Capitulo 35 – Manhã de corrida
Camila
Seguimos correndo pela rua. O vento frio vez ou outra toca minha pele, o que me causa um arrepio. Odeio o jeito que Helen faz parecer fácil correr dez quilômetros. Ela continua intacta, nem ficou suada. Eu odeio essa menina.
- Podemos parar? – Indago arfando, sentindo que eu posso desmaiar a qualquer instante por falta de oxigênio ou algo assim.
- Podemos.
Ela concorda. Sentamos na grama, estamos em frente a um lago. O sol já começa a apontar, é preciso agradecer a Helen por me presentear com aquele momento. O reflexo da estrela majestosa era algo grandioso, pairando sobre a água do lago.

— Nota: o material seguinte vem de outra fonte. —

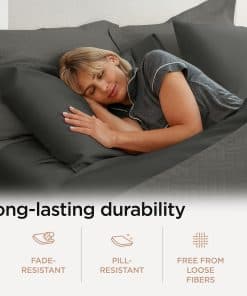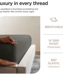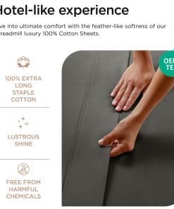 Lujoso juego de sábanas Threadmill Luxury con 800 hilos de algodón, tamaño King. Este juego de cama incluye una sábana plana de 110″ de ancho por 104″ de largo, una sábana ajustable de 78″ de ancho por 80″ de largo con un bolsillo profundo de 16″, y dos fundas de almohada King de 20″ de ancho por 40″ de largo. Las sábanas están tejidas con hilos de algodón extra largo para ofrecer una suavidad y comodidad excepcionales. El tejido de satén aporta un brillo lustroso y una elegancia similar a la de un hotel. Con sus 800 hilos por pulgada, estas sábanas son duraderas y transpirables, lo que las hace ideales para quienes duermen calientes. La sábana bajera elástica de bolsillo profundo permite un ajuste perfecto y evita que las sábanas se muevan mientras duermes. Además, las sábanas se fabrican con una artesanía superior que garantiza que no se formen bolitas y que mantengan su resistencia a lo largo del tiempo. Para el cuidado de estas sábanas, se recomienda lavarlas a máquina a temperatura ambiente, secarlas a baja temperatura y doblarlas inmediatamente después para evitar la contracción y las arrugas. Este juego de sábanas es la elección perfecta para regalar, ya que complementa cualquier decoración de dormitorio. Con su suavidad y colores perfectamente combinados, estas sábanas brindarán una sensación acogedora al deslizarte entre ellas. Además, estos productos están fabricados con prácticas certificadas y sostenibles, sin productos químicos dañinos, y cuentan con una garantía de satisfacción del 100%. Disfruta de la experiencia de lujo y comodidad con este juego de sábanas Threadmill Luxury de 800 hilos de algodón.
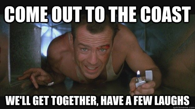 ‘92 I lived in a little blue-panelled house in a small town waaaaay up in Northern Canada. One evening, three mildly stoned roomies sat around a television watching an NHL game while the snow of a dark and pitiless winter gathered at our door. TV time-out or something and a beer commercial came on screen. The voice-over extolled the virtues of the breweries’ glacier-fed glory as six or eight beer cans bobbled and bounced downstream towards us. Just before they hit the camera, one after another they dropped down a waterfall. Being broke, mildly stoned and 20 years old with an innate need/ability to make everyone laugh, I took this moment to dive from the couch with outstretched arms and cupped hands to catch each gloriously wet and sun-dappled can as though they were going to fall to our filthy living room floor. It was a visual gag and my roomies all chortled through the haze. One of them, a guy I’d only known a month or so, cackled, shook his head and through wide grin muttered,
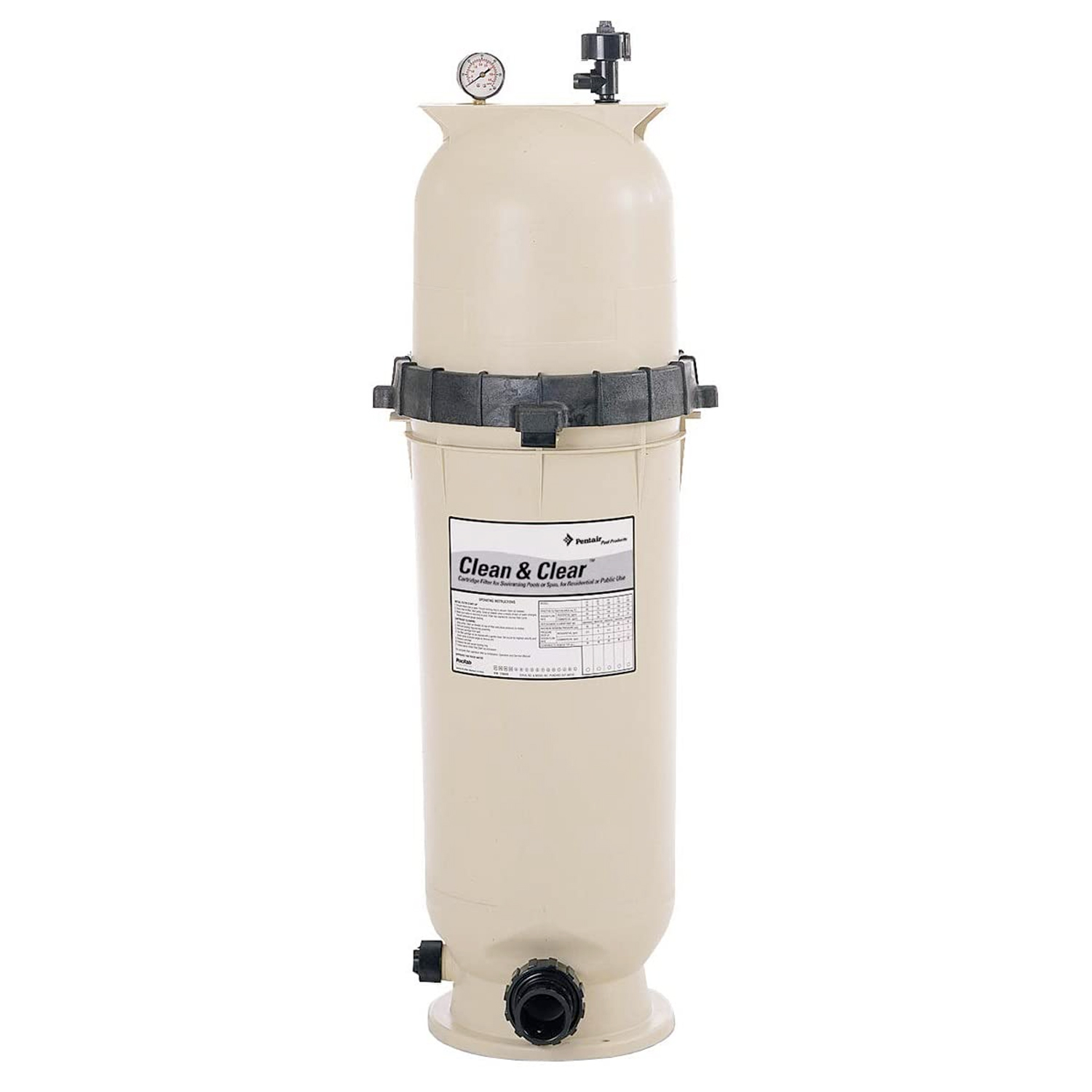 The Pentair Clean and Clear 200 sqft Cartridge Filter Long-lasting Clean & Clear Cartridge Filter with fiberglass-reinforced, chemical resistant, polypropylene tanks are among the simplest to maintain. The easily accessible cartridge can be rinsed clean in minutes with a garden hose. Pool pros love the easy spin-on unions that provide fast hookup and servicing.
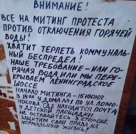 Фотография объявления с призывом выходить на митинг против «коммунального беспредела» опубликовано в твитере села Спас Заулок Клинского района. Митинг начнётся 15 июня в 14:00. Об отключении горячей воды на неопределенный срок в Клину и Солнечногорске сообщила в минувший четверг Русская служба новостей. Причина — многомиллионные долги за горячую воду. Однако без воды остались и те, кто исправно за неё платил. Глава Клинского района сообщила, что воды нет из-за планового отключения, которое продлится две недели. Но жителям, попавшим на приём, она же сказала, что воды не будет до октября.
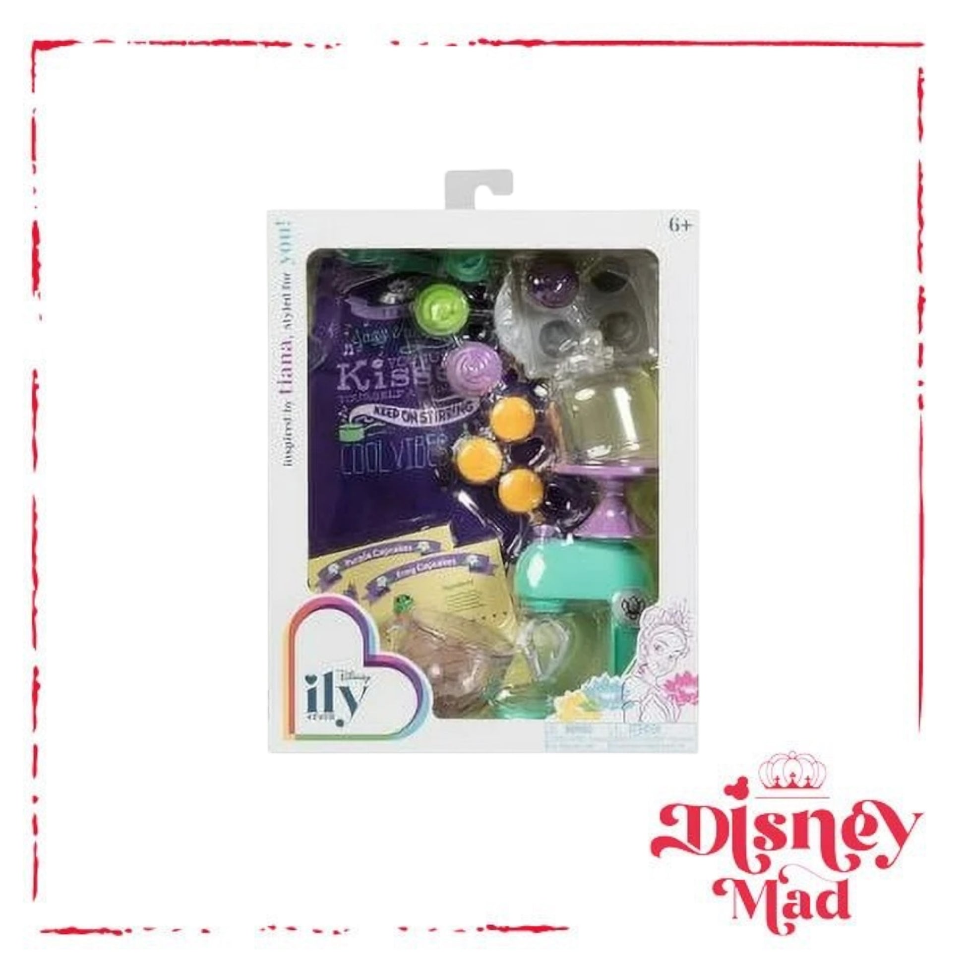 - Disney ily 4EVER is an 18-inch doll brand inspired by beloved Disney stories and characters. It includes a line of dolls, trendy fashions and aspirational accessories that celebrate everything kids love about Disney. Inspired by characters such as Ariel, Minnie Mouse, and Tinker Bell, and themes such as outdoor activities and culinary arts, this line combines the best of Disney with the latest fashions and must-have accessories! Inspired by Tiana, this Disney ily 4EVER baking set will have your 18-inch doll whipping up delicious treats! Put on the apron and get your doll ready, it’s time to make some yummy cupcakes. This detailed baking set features a manual working mixer with mixing bowl, a cupcake pan, and four cupcakes. Put the finishing touch on the cupcakes using the colorful icing toppers and place your favorite on the cake stand for display. Included are two recipe cards for real baking fun! Accessory set is shown on Inspired by Tinker Bell doll and is compatible with most 18-inch dolls.
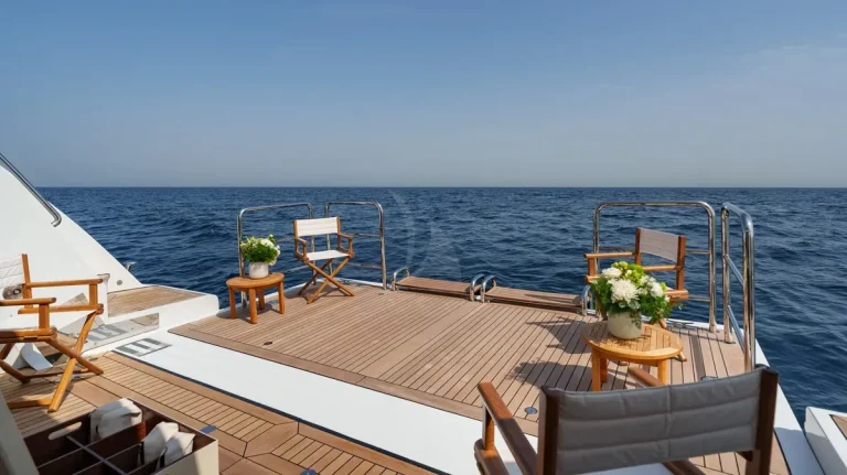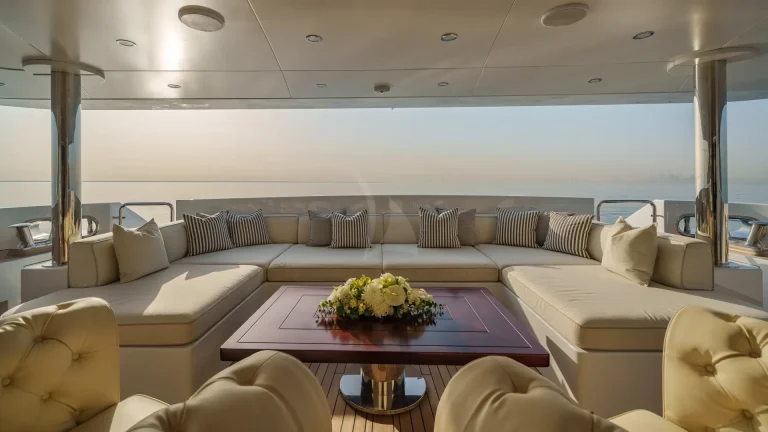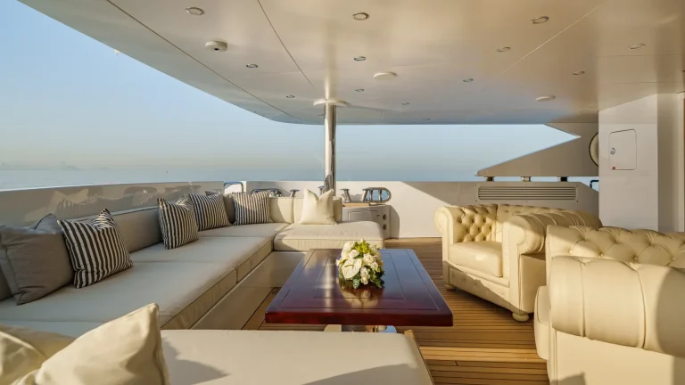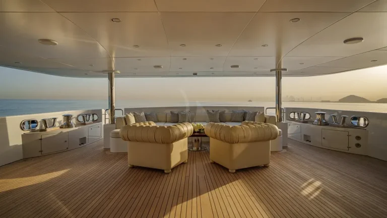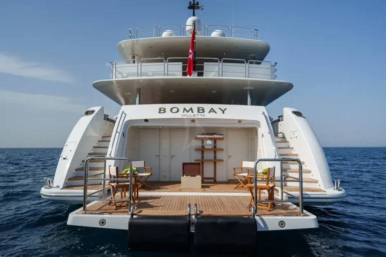 She features a full-displacement GRP hull and an aluminium superstructure, complemented by elegant teak decks. With a beam of 9.20 metres and a draft of 2.70 metres, BOMBAY boasts a generous interior volume of 487 GT.
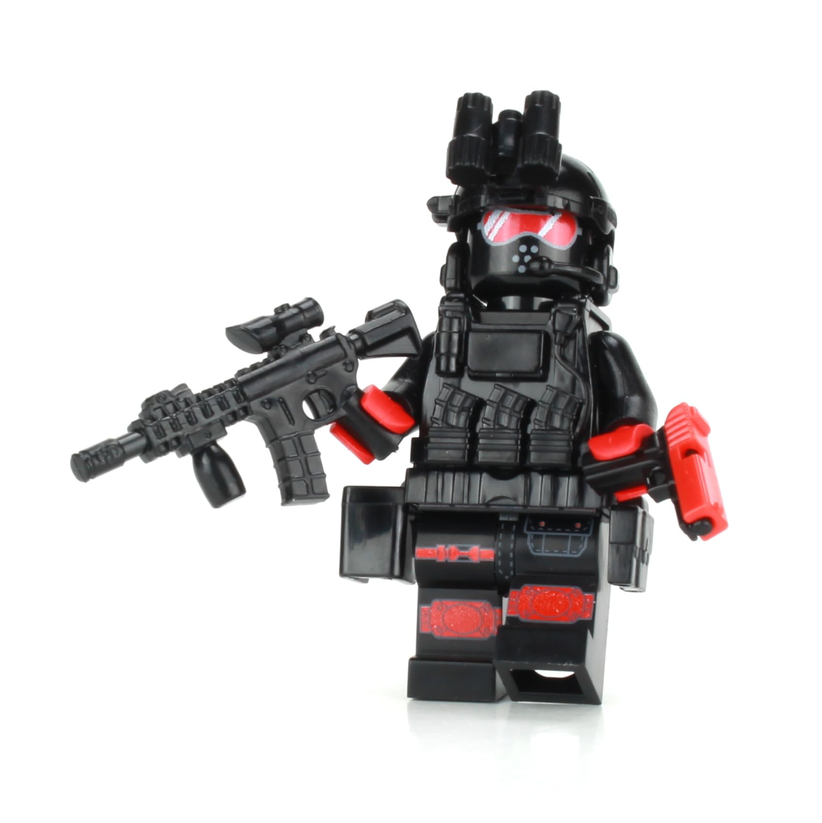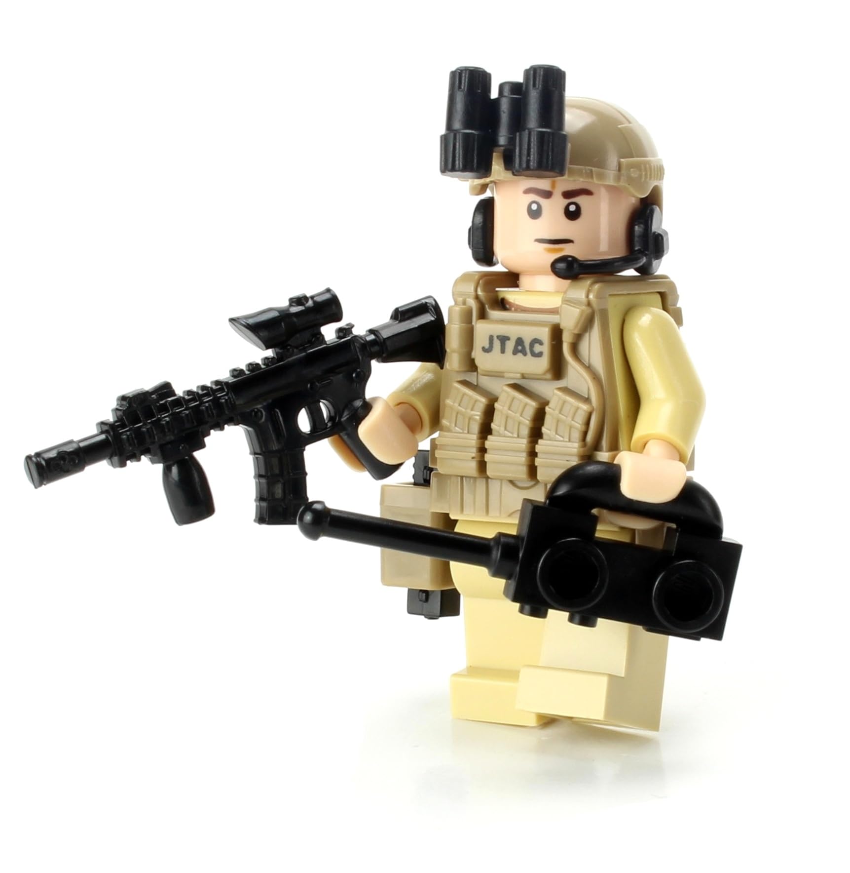 The Battle Brick JTAC Air Force Special Forces Commando is made with custom weapons and genuine minifigure parts. Includes: Custom tactical vest with direct printed JTAC logo M4 Rifle Tactical helmet Night visions goggles Tactical headset 9mm Pistol Tactical binoculars Radio.
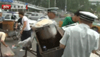 實(shí)拍:司機(jī)察看輪胎 瞬間被炸飛
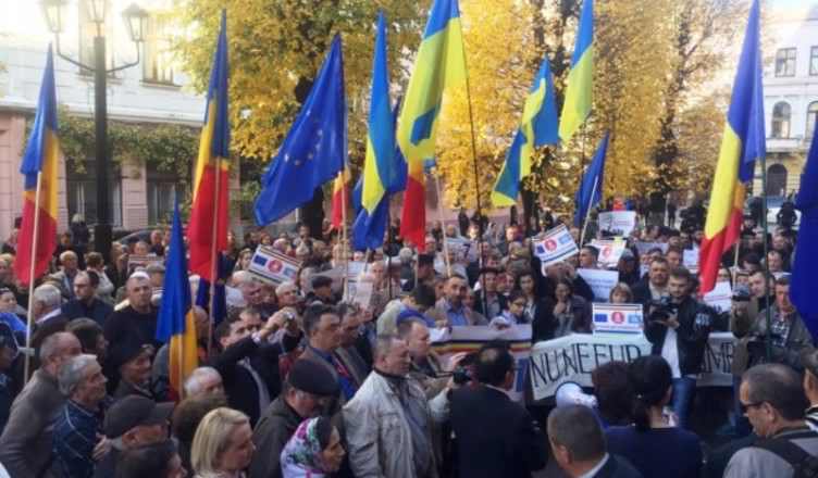 La 17 octombrie a.c, reprezentanții comunității românești din regiunea Cernăuți, au organizat în fața Administrației Regionale de Stat Cernăuți o acțiune de protest împotriva Legii Învățământului din Ucraina, care potrivit articolului 7, sporește rolul utilizării limbii ucrainene și practic restricționează utilizarea limbilor minorităților naționale în procesul de învățământ.
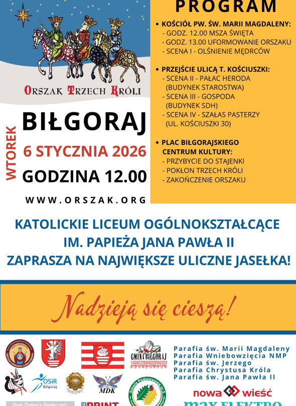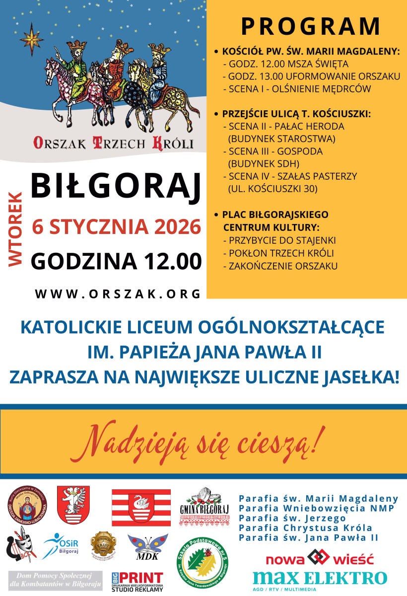6 stycznia 2025 roku, orszak Trzech Króli w Biłgoraju. Godzina 12:00.
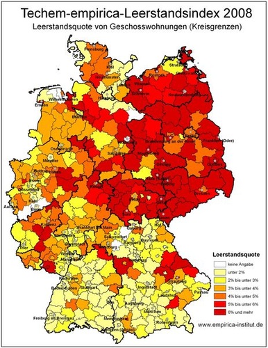 Ausgewertet wurden insgesamt 100 Städte. Die niedrigsten Leerstände haben die westdeutschen Städte Erlangen (0,4 %), Karlsruhe (0,8 %), Baden-Baden und Kempten (je 0,9 %), Memmingen (1,0 %) sowie Ingolstadt und München (je 1,1 %). Leerstände mit zehn % und mehr haben die ostdeutschen Städte Frankfurt (Oder) mit 10,0 %, Gera mit 11,1 %, Halle (Saale) mit 13,6 % und Schwerin als Schlusslicht der Auswertung mit 15,4 %. Im Westen haben Emden (13,6 %), Pirmasens (8,3 %), Bremerhaven (5,8 %) und Straubing (5,6 %) die höchsten Quoten. Bei den Bundesländern haben Hamburg mit 1,3, gefolgt von Baden-Württemberg und Bayern mit jeweils 1,8 % die niedrigsten Wohnungsleerstände. Schlusslicht ist Sachsen-Anhalt mit 9,0 %. ToR
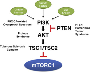Somatic mutations in any of the genes in the PI3K/PTEN/AKT/TSC/mTORC1 signaling pathway ( Fig. 1 ) may result in a spectrum of abnormal growth, ranging from an isolated small skin lesion with minimal or no overgrowth to extensive skin involvement with striking extremity enlargement and tumor susceptibility. Proteus syndrome, caused by mutations in AKT1 , and the PIK3CA -related overgrowth spectrum (PROS) may be considered archetypal mosaic disorders, given the patchy distribution of disease features. Tuberous sclerosis complex (TSC), caused by mutations in either TSC1 or TSC2 , and PTEN hamartoma tumor syndrome (PHTS) are most frequently associated with germline mutations, but mosaic forms also appear as isolated (simplex or sporadic) occurrences. This article primarily focuses on these entities, chosen for their shared abnormalities in a signaling pathway and analogous or overlapping phenotypes.
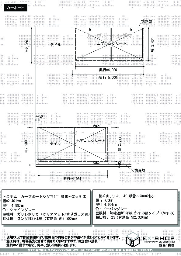 この度は、カーブポートシグマIIIと4Gの施工をご依頼頂きまして、誠に有難うございます。スマートなデザインのカーポートが、綺麗に納まりましたこと、大変嬉しく存じます。特に、前側に柱を施工しない4Gは、お車の出し入れもしやすく、開放感のあるお仕上がりでございますね。施工内容にもご満足のお言葉を頂き、誠に有難うございます。施工担当者にとりましても、お客様のお喜びのお言葉が、一番の励みになっております。今後も変わらず、お客様のご満足の為に精進して参りたいと存じますので、また何かございましたら、お気軽にエクスショップまでご連絡ください。
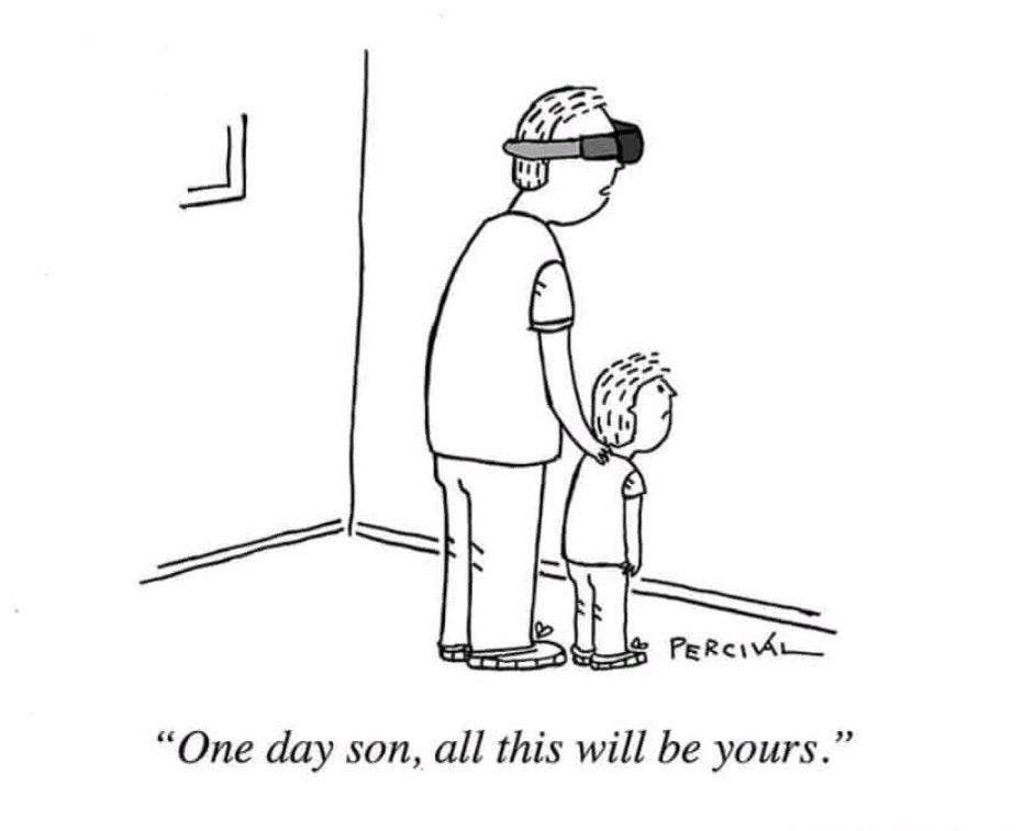 I’d argue VR is a stop-gap solution1. It’s burdened by the same interface constructs as your laptop while isolating and limiting collaboration outside the virtual space. Even more so than staring at a screen together. It creates a thicker barrier to explore the real world than a smartphone does. Literally limiting your field of view and natural ability to perceive nature’s color, shadows, subtle movement, and distant sounds. It may work great as a TV or game console, not so much for exploring and understanding the world we live in. VR also removes understated cues from our innate apparatus to collaborate, like eye contact, body language, subtle sounds, and group dynamics. This suppresses our collective ability to reason, understand the world, and persuade each other. You simply can’t sense presence or aura of other people when plugged into VR. When the world is mediated through a simulation, everything gets compressed as a simulacrum of the real thing. Entering a simulated world cultivates a very different social fabric; one with expectations of constant entertainment and saturated single-player aesthetics. But actual progress happens in the real world. We run experiments, test hypotheses, talk to people, build prototypes, and measure reality by venturing out of our software worlds and into the real.

- É lindo, não é? – Ela questiona.
- Sim. Muito. – Sorrio para ela.
Nossos olhos se encontram. Ela está perfeita sobre aquela luz, seus olhos ressaltando a cor. Seu rosto em um tom avermelhado pelo esforço físico. Seus lábios, rosados, volumosos. Desvio o olhar rapidamente. Helen no momento é a única pessoa que está me ajudando a enfrentar essa loucura que a minha vida se tornou. Não posso estragar as coisas com ela.
Devagar ela se aproxima de mim. Encosta a cabeça em meu ombro. Ficamos assim até o sol surgir e irmos embora. No caminho de casa passamos na padaria para comprar algo para comermos. Helen diz que precisa tomar café em casa e eu entendo. Nos despedimos na porta com um abraço. Ela fica de passar a noite para assistirmos algo juntas, claro que ela cumpre sua promessa. Quando vai embora já passa das dez.
A noite fico nervosa, pois na manhã seguinte será meu primeiro dia. Não quero decepcionar Helen, sinto que preciso mesmo provar que sou boa no que faço, assim como ela. Salto da cama ainda está escuro lá fora. Diana me manda mensagem de boa sorte. Às sete e meia escuto a buzina do carro de Helen.
- Bom dia! – Ela diz sonolenta.
- Bom dia! Não dormiu?
- Não muito. Mamãe passou mal a noite toda. – Mais um bocejo.
- Deveria ter ficado em casa.
- Não posso te deixar sozinha no seu primeiro dia. Está animada?
- Muito, mas você deveria ter ficado com sua mãe. Eu já sou bem grandinha, e conheço bem essa cidade. Sei advogar. Isso eu garanto.
- Eu sei que sabe. Caso contrário não iria dividir um escritório com você. – Ela bocejou de novo.
- Hell, você precisa dormir. Deveria ficar em casa. Eu fico com seu carro e cuido da sua agenda hoje. O que me diz?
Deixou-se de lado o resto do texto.